Mark-to-market losses and higher debt servicing costs are likely to be key pressure points in the near term. According to Mr Mukesh Agarwal, President, CRISIL Research, "For companies in the CNX Nifty (excluding banking and financial services), around 40 per cent of debt is denominated in foreign currency. In total, corporate India had forex debt outstanding of over $200 billion as of March 2013, of which close to 45 per cent is short-term debt. Moreover, only half their forex exposure is hedged. Persistent weakness in the rupee and heightened volatility has reduced the benefits of borrowing overseas."

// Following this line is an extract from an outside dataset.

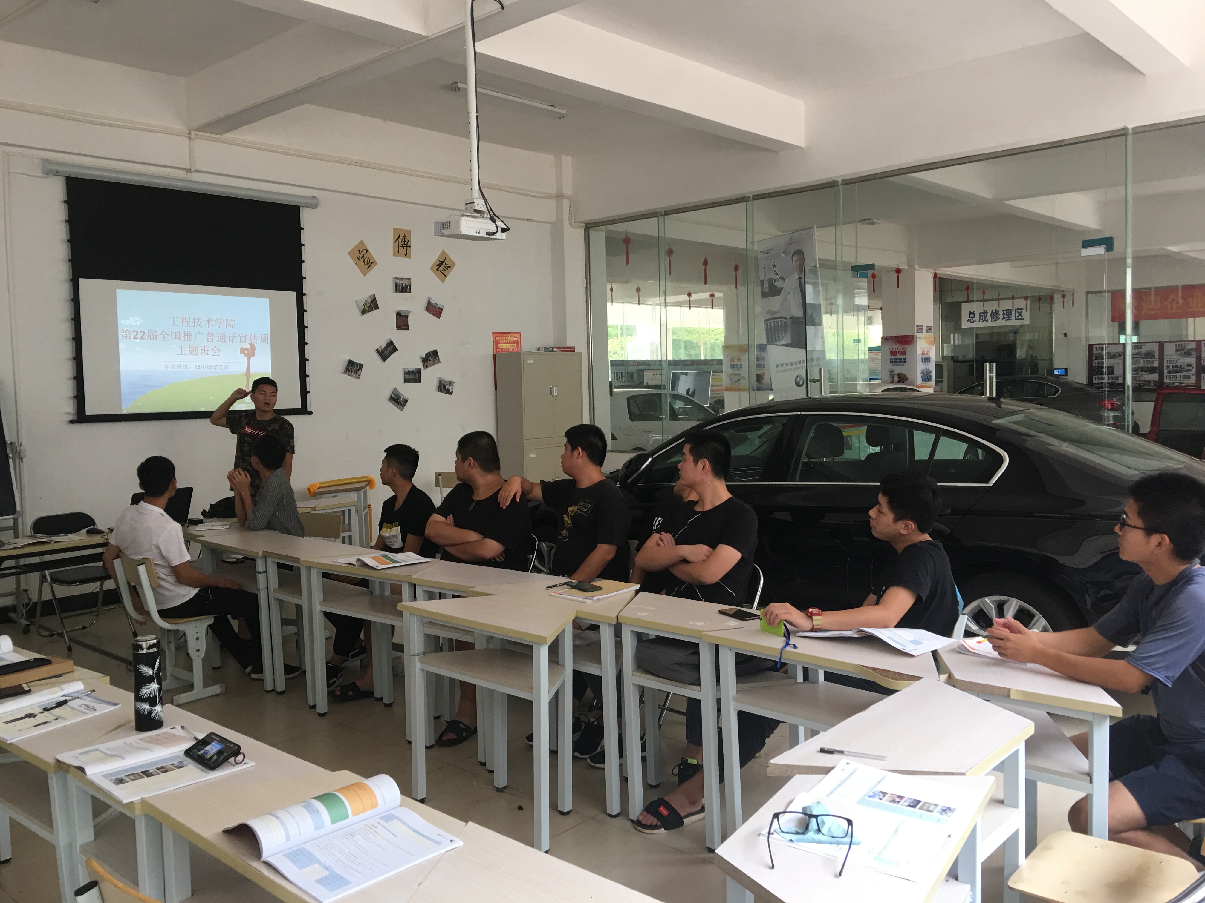 2019年9月29日(院青年媒体中心报道)讯,2019年9月16日—22日是第22届全国推广普通话宣传周。为全面落实国家语言文字的方针政策和法律法规,加强全体员工的普通话,传承发展中华民族优秀传统文化,9月29日,工程技术公司2018级各班成功组织开展推广普通话宣传周主题班会。

From the growth and profitability perspective, sectors that will be negatively impacted by the rupee's depreciation according to Crisil include automobiles, auto components, airlines, consumer durables, oil marketing companies (OMCs), and fertilisers. The increase in fuel costs will hurt demand for automobiles, especially small cars, as fuel alone accounts for nearly 25-30 per cent of the ownership cost of a small car in the year of purchase.
Airlines with a high proportion of revenues accruing from domestic operations will also be hurt as 70 per cent of their operating costs are incurred in dollars, and their ability to pass on any cost increase is limited. We do not expect diesel prices to increase by more than Rs 1.50 per litre from the current level; therefore, a weak rupee would increase under-recoveries of OMCs.